--- TRY IT ---
Look through the data below and output, unchanged, every line from the one holding "La evolución: En" through the one holding "สินค้า 10 หลักบนแผ่นป้ายรุ่นของผลิตภัณฑ์ทุกครั้ง", inclusive. Skip the pictures.
********
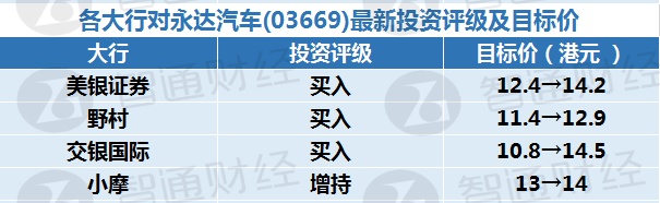 五、各大行对永达汽车(03669)最新投资评级及目标价
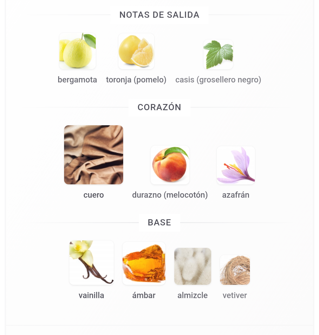 La evolución: En el corazón, aparece el cuero y el azafrán, lo que le quita lo "infantil" y lo convierte en una fragancia con mucha más clase y estructura.
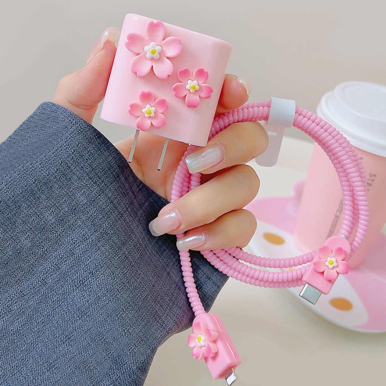 شاحن مع كيبل آيفون وردي مزخرف بزهور ناعمة
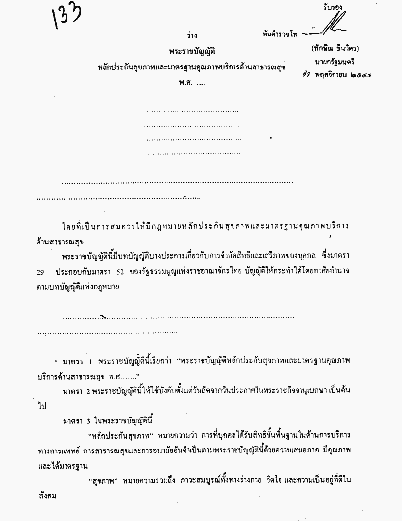 ชื่อเอกสาร :   ร่างพระราชบัญญัติหลักประกันสุขภาพและมาตรฐานคุณภาพบริการด้านสาธารณสุข พ.ศ..... (นายปรีชา มุสิกุล กับคณะ เป็นผู้เสนอ)
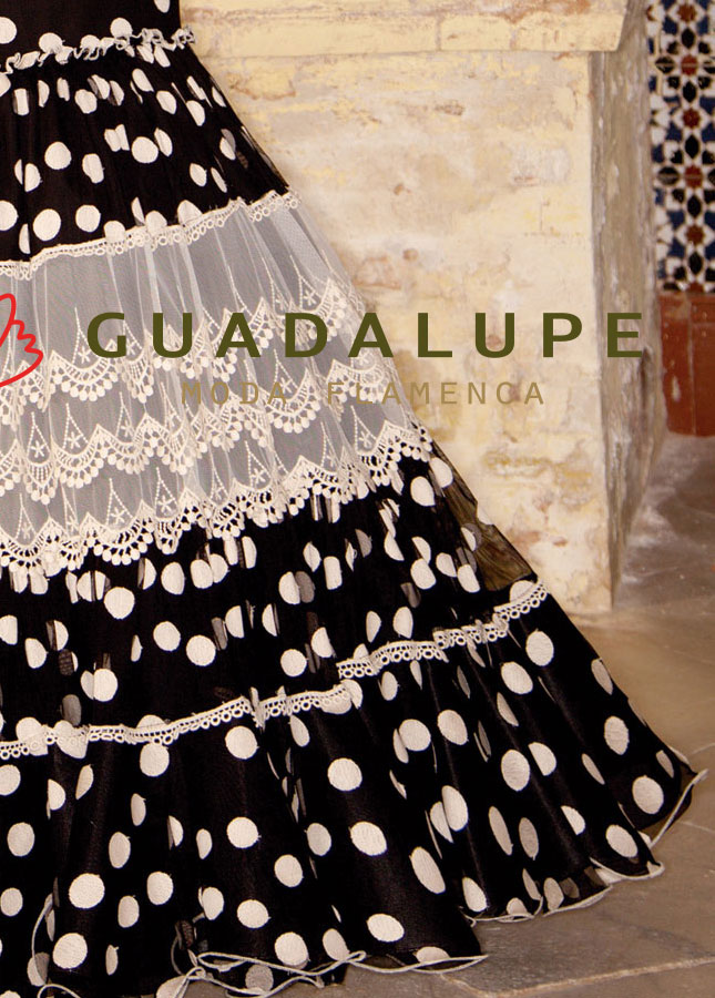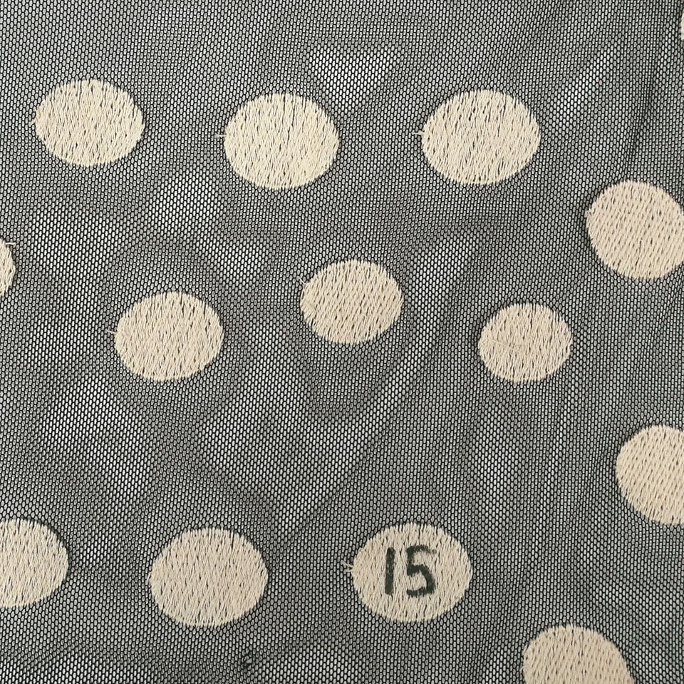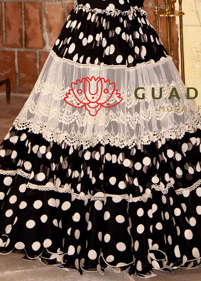 黒地にアイボリーの水玉刺繍レースに、クラシカルな雰囲気の豪華な装飾レースを贅沢に使用した、とてもエレガントでシックな雰囲気のモデルです。
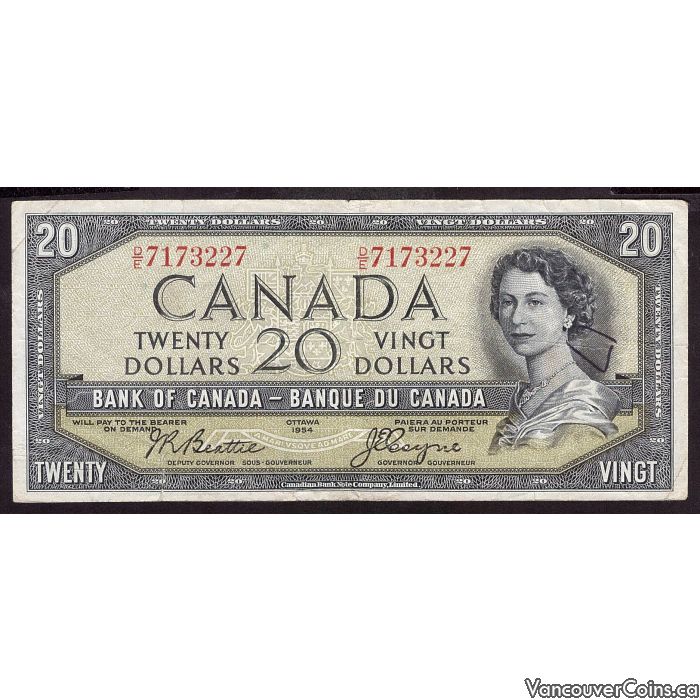 1954 Canada $20 Devils Face note BC33b D/E7173227 VF small tear @ 7pm & ink
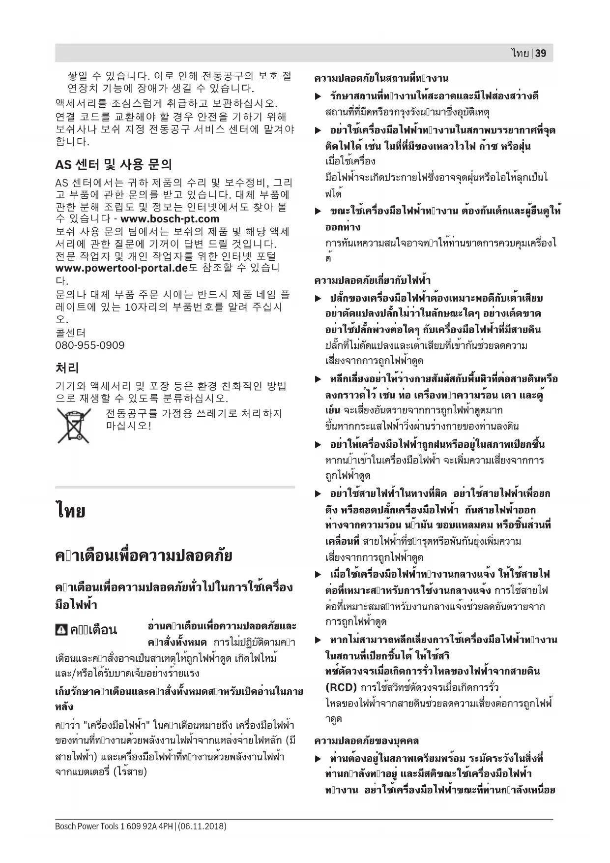 ศูนย์บริการหลังการขายของเรายินดีตอบคำถามของ ท่านที่เกี่ยวกับการบำรุงรักษาและการซ่อมแซมผลิตภัณฑ์รวม ทั้งเรื่องอะไหล่ ภาพแยกชิ้นและข้อมูลเกี่ยวกับอะไหล่ยัง สามารถดูได้ใน: www.bosch-pt.com ทีมงานที่ปรึกษาของ บ๊อช ยินดีให้ข้อมูลเกี่ยวกับผลิตภัณฑ์ ของเราและอุปกรณ์ประกอบต่างๆ www.powertool-portal.de เว็บพอร์ทัลสำหรับช่าง ฝีมือและช่างสมัครเล่น เมื่อต้องการสอบถามและสั่งซื้ออะไหล่ กรุณาแจ้งหมายเลข สินค้า 10 หลักบนแผ่นป้ายรุ่นของผลิตภัณฑ์ทุกครั้ง
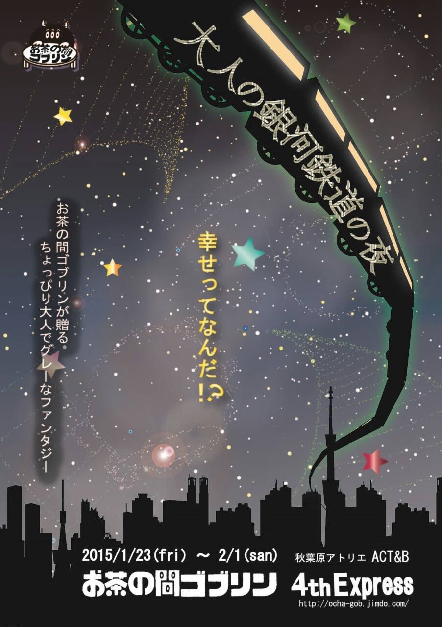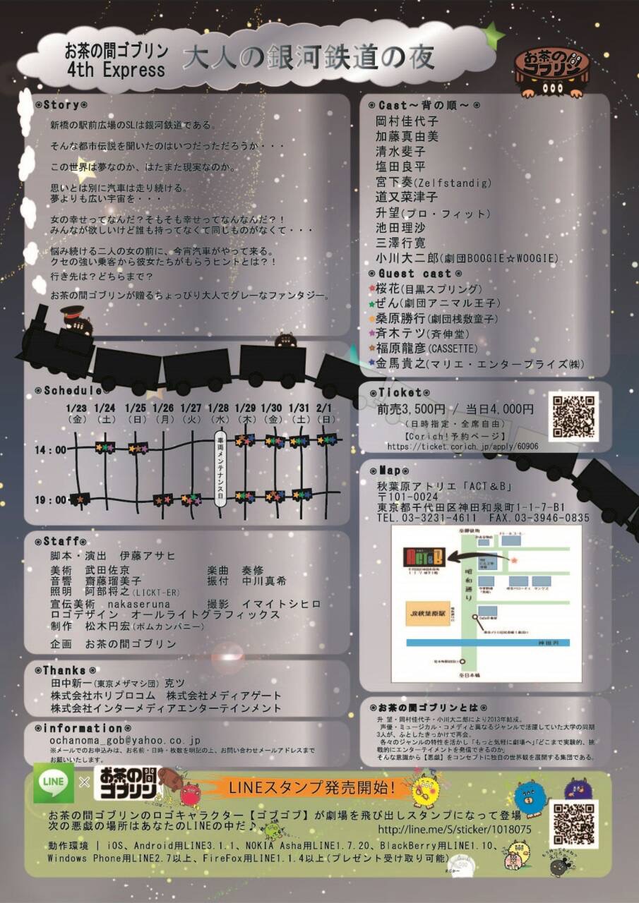 お茶の間ゴブリン 2015年1月23日(金)~2月1日(日) @秋葉原ACT&B ■STORY 新橋の駅前広場のSLは銀河鉄道である。 そんな都市伝説を聞いたのはいつだっただろうか。この世界は夢なのか、はたまた現実なのか。思いとは別に汽車は走り続ける。夢よりも広い宇宙を… 女の幸せってなんだ?そもそも幸せってなんなんだ?!みんなが欲しいけど誰も持ってなくて同じものがなくて… 悩み続ける二人の女の前に、今宵汽車がやって来る。クセの強い乗客から彼女たちがもらうヒントとは?!行き先は?どちらまで? お茶の間ゴブリンが贈るちょっぴり大人でグレーなファンタジー。 ■CAST ~背の順~ 岡村佳代子 / 加藤真由美 / 清水斐子 / 塩田良平 / 宮下奏 (Zelfstandig) / 道又菜津子 / 升望 (プロ・フィット) / 池田理沙 / 三澤行寛 / 小川大二郎 (劇団BOOGIE☆WOOGIE) 【GUEST】 ❤︎桜花 (目黒スプリング) / ♢ぜん (劇団アニマル王子) / ♣︎桑原勝行 (劇団桟敷童子) / ♤斉木テツ (斉伸堂) / ♦︎福原龍彦 (CASSETTE) / ♠︎金馬貴之 (マリエ・エンタープライズ(株)) ■SCHEDULE 2015年1月23日(金)~2月1日(日) 全12回公演 1/23(金)19:00 ♦︎ 1/24(土)14:00♢♣︎♤ 1/25(日)14:00 ♦︎♤♣︎ 1/26(月)19:00♦︎❤︎ 1/27(火)19:00♢♤♣︎❤︎ 1/28(水)車両メンテナンス日 1/29(木)14:00♦︎❤︎♠︎♣︎ 19:00♢❤︎♠︎♣︎ 1/30(金)14:00♢❤︎♠︎♣︎ 19:00♦︎❤︎♠︎♣︎ 1/31(土)14:00♢♠︎♣︎ 19:00♢♠︎♣︎ 2/01(日)14:00♢♠︎♣︎ ※受付開始・開場は、開演の30分前です。※ゲストの出演回につきましては、HPもご参照ください。 http://ocha-gob.jimdo.com/ ■TICKET 前売3,500円 / 当日4,000円 (全席自由・日時指定) Corich!宮下奏専用予約ページ→https://ticket.corich.jp/apply/60906/006/ ■THEATER |
********
--- ANSWER TO THIS EXERCISE ---
 La evolución: En el corazón, aparece el cuero y el azafrán, lo que le quita lo "infantil" y lo convierte en una fragancia con mucha más clase y estructura.
 شاحن مع كيبل آيفون وردي مزخرف بزهور ناعمة
 ชื่อเอกสาร :   ร่างพระราชบัญญัติหลักประกันสุขภาพและมาตรฐานคุณภาพบริการด้านสาธารณสุข พ.ศ..... (นายปรีชา มุสิกุล กับคณะ เป็นผู้เสนอ)
 黒地にアイボリーの水玉刺繍レースに、クラシカルな雰囲気の豪華な装飾レースを贅沢に使用した、とてもエレガントでシックな雰囲気のモデルです。
 1954 Canada $20 Devils Face note BC33b D/E7173227 VF small tear @ 7pm & ink
 ศูนย์บริการหลังการขายของเรายินดีตอบคำถามของ ท่านที่เกี่ยวกับการบำรุงรักษาและการซ่อมแซมผลิตภัณฑ์รวม ทั้งเรื่องอะไหล่ ภาพแยกชิ้นและข้อมูลเกี่ยวกับอะไหล่ยัง สามารถดูได้ใน: www.bosch-pt.com ทีมงานที่ปรึกษาของ บ๊อช ยินดีให้ข้อมูลเกี่ยวกับผลิตภัณฑ์ ของเราและอุปกรณ์ประกอบต่างๆ www.powertool-portal.de เว็บพอร์ทัลสำหรับช่าง ฝีมือและช่างสมัครเล่น เมื่อต้องการสอบถามและสั่งซื้ออะไหล่ กรุณาแจ้งหมายเลข สินค้า 10 หลักบนแผ่นป้ายรุ่นของผลิตภัณฑ์ทุกครั้ง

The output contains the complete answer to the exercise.